Eduardo Catroga lamentou que no caso de alguns dos grandes projectos "o risco vá ficar do lado dos contribuintes", o que agrava as condições de competitividade da economia, o seu crescimento e o bem-estar das populações.



"Nos últimos 10 a 15 anos temos assistido a uma trajectória de um país insustentável do ponto de vista do endividamento público e do endividamento privado, apresentando um crescimento económico miserável", justificou Eduardo Catroga.

Neste sentido, "é tempo de mudar de vida. Não se trata de ser contra as grandes obras públicas, mas se o risco fica do lado do contribuinte o que acontecer é um agravamento, a partir de 2013, ainda maior da nossa situação financeira", acrescentou.

Questionado pelos jornalistas pela sua presença na reunião da próxima segunda feira com o Presidente da República, Cavaco Silva, o antigo ministro das Finanças explicou que o encontro visa sensibilizar a opinião pública e política para as consequências de se prosseguir por esta via: "Nós por este caminho não vamos lá e está-se a ver o que aconteceu com a Grécia", adiantou.

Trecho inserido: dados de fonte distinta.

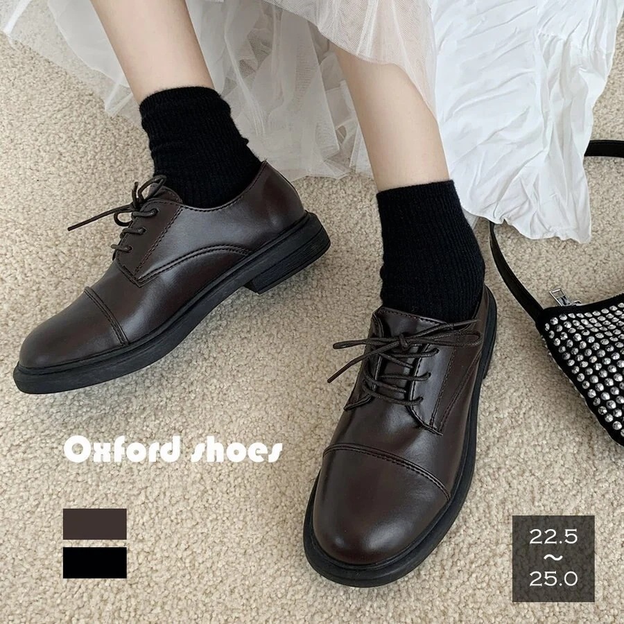 ドレスシューズ レースアップ レディース 靴 ローヒール レザー調 履きやすい カジュアル シンプル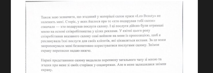 Салон красоты "Leo Beauty", о котором шла речь в расследовании, ей не принадлежит. Сторис, в которых говорилось "кто подарил тебе салон" означали, по ее словам: "кто подарил услуги салона". Эти услуги были получены на основе сотрудничества в целях рекламы. В апреле сотрудники салона вышли на неё с предложением, чтобы она рекламировала их услуги, а за это предложили бесплатно пользоваться услугами салона.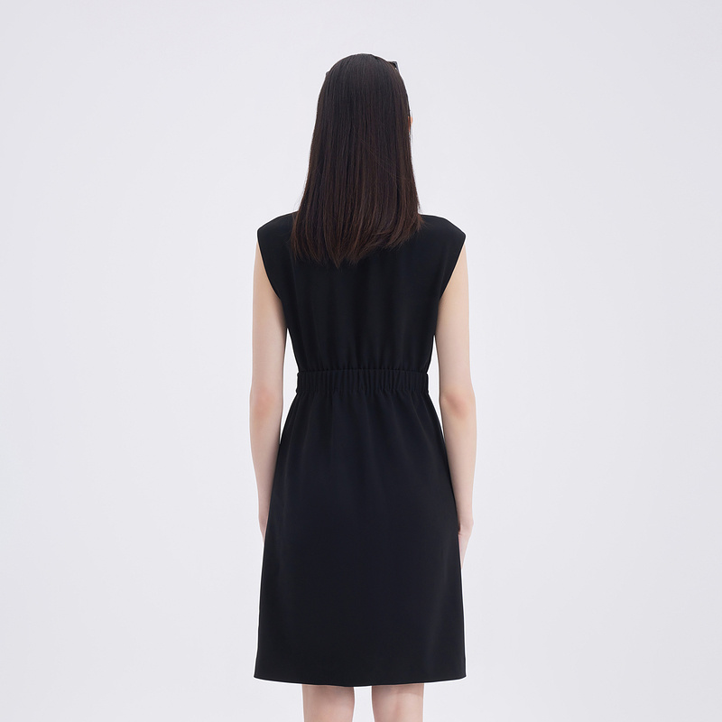 帝柔帝柔黑色连衣裙2025秋季 显瘦通勤 套头高腰休闲腰带简约大码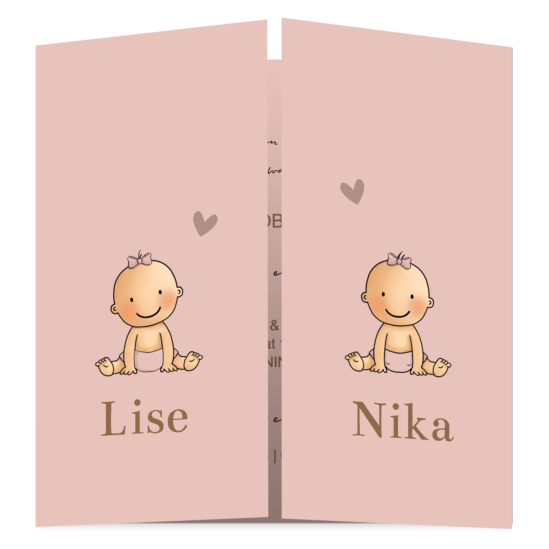 Een prachtig tweeling geboortekaartje van twee lieve meisjes met strikjes.Kaartje Lise en Nika is een luikkaartje. Dit betekent dat het kaartje vanuit het midden opengaat. Zo heeft ieder kindje zijn eigen zijde van de kaart. Maar als je het kaartje weer dichtklapt zijn ze weer samen één geheel.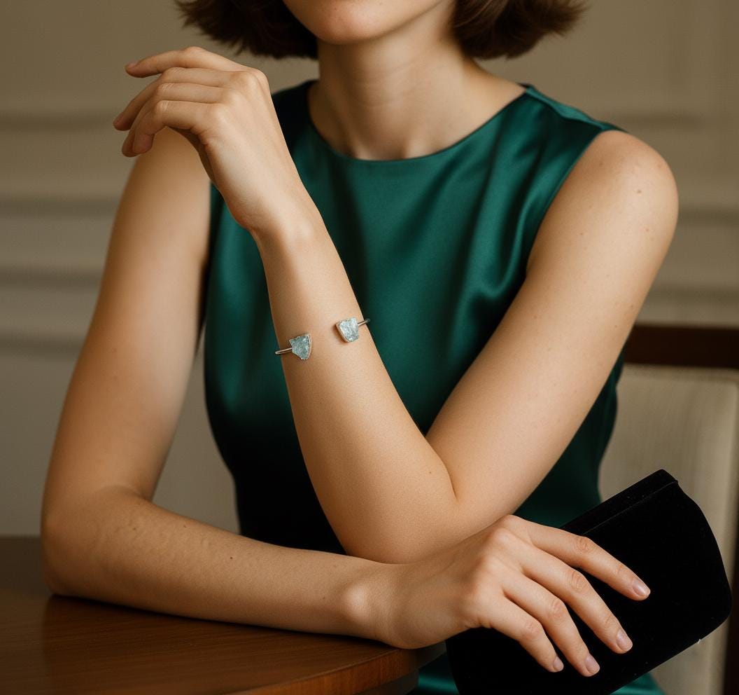 Aquamarine, also known as the stone of courage and serenity, is cherished for its calming and balancing energies. Believed to inspire clarity, harmony, and emotional healing, aquamarine makes this bangle not only a stylish accessory but also a meaningful spiritual piece.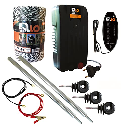 Ellofence - Set per recinzioni, con filo di recinzione per pascoli, paletti, isolatori e tester, dispositivo estremamente silenzioso, 230 V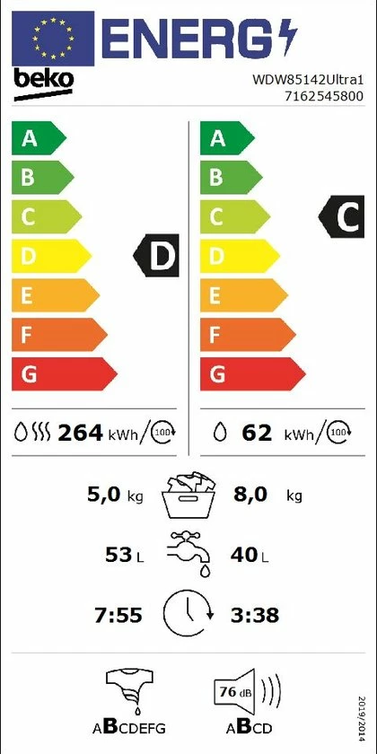 energie-efficiëntieklasse* D ( oud label A+++)
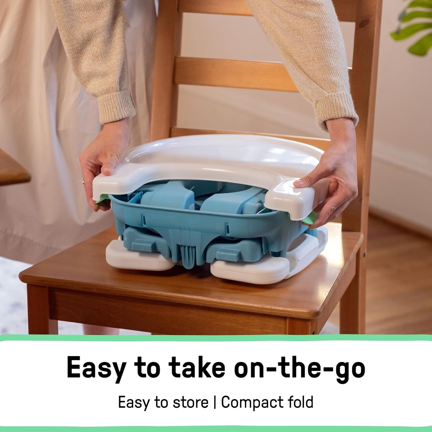 Ingenuity Deluxe Comfort Booster Seat for Kitchen Chair, Compact Fold, Portable, Lightweight, Toddler Booster Seat for Dining Table, from 6 Months to 3 Years – Teal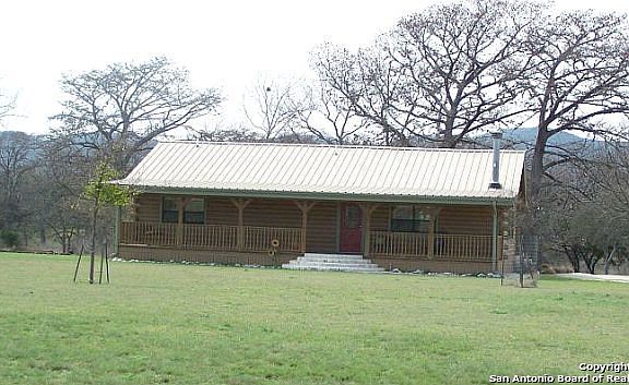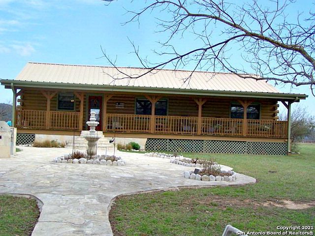 River front living at its finest in this 3BD/2BA log home. Very large lot. Plenty of natural light and neutral colors contrasting with gorgeous woodwork throughout the home. High ceilings, stone fp in living. Covered porches of 400SF each span the length of both front and back of home. Beautiful rock work abounds in the landscape with the focal point being a fountain surrounded by a patio, an outdoor kitchen and a fire pit for maximum entertaining space. Huge cypress trees frame the short walk to the 165' of Frio River frontage., Construction: [Log Home], Foundation: [Pillar/Post/Pier], Siding: [Log], Roof: [Metal], Garage: [None], Heat: [Central Electric, Heat Pump], Cooling: [Central Electric], Windows: [Aluminum], Window Treatments: [Some], Features: Ceiling Fan, Fireplace-Wood, Patio, Porch-Front, Porch-Back, Porch-Covered, Flooring: [Carpet, Hard Tile]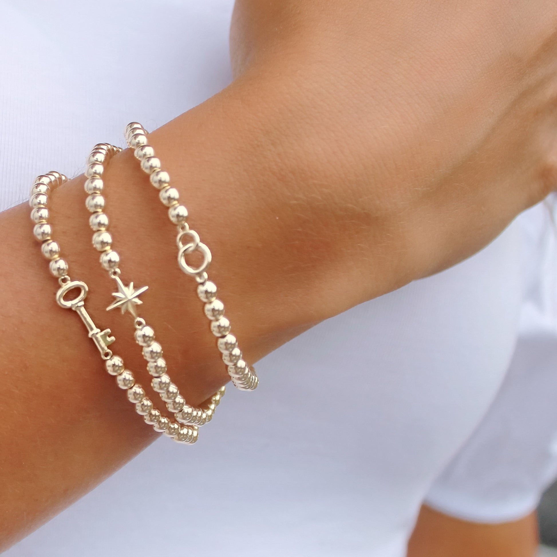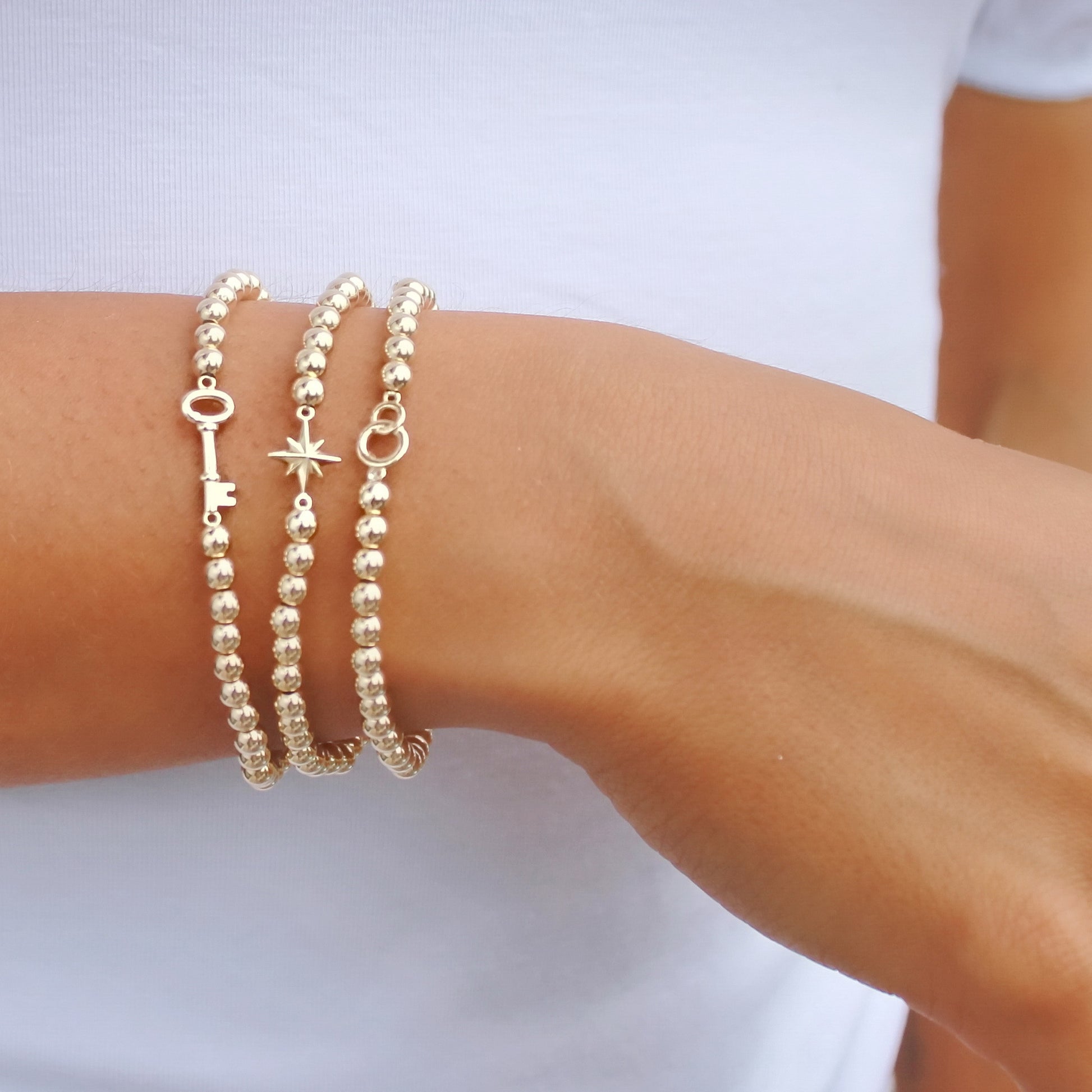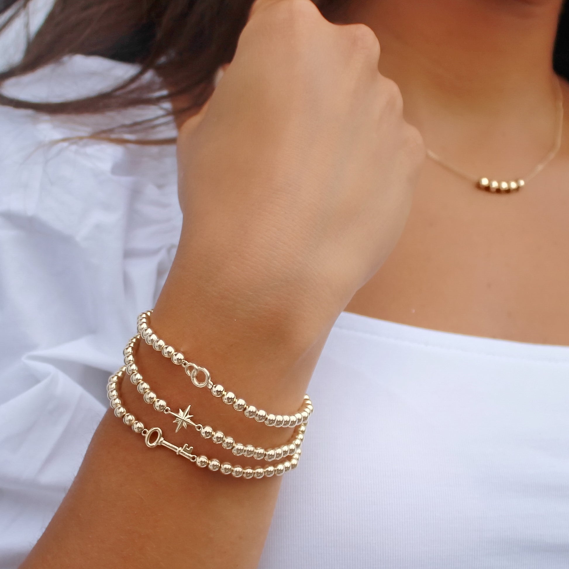 This 14K Solid Gold Star beaded bracelet will be sure to add a beautiful elegance to your everyday look. Wear it on its own or pair it with one of your chic favorites.

Segundo Catroga, "os políticos não podem ser vendedores de ilusões", enfatizando que Portugal tem de combater o défice orçamental, corrigir o défice externo, aumentar a competitividade e criar riqueza.

Entre os premiados do 'Best Leader Awards 2010' conta-se o presidente da EFACEC, Luís Filipe Pereira que foi galardoado com a distinção de 'Líder na Internacionalização' e o presidente executivo da Wedo Techenologies, Rui Paiva, com o galardão de 'Líder das Novas Tecnologias', bem como o presidente da Aicep Portugal Global, Basílio Horta, com o título de 'Líder na Gestão de Empresa Pública'.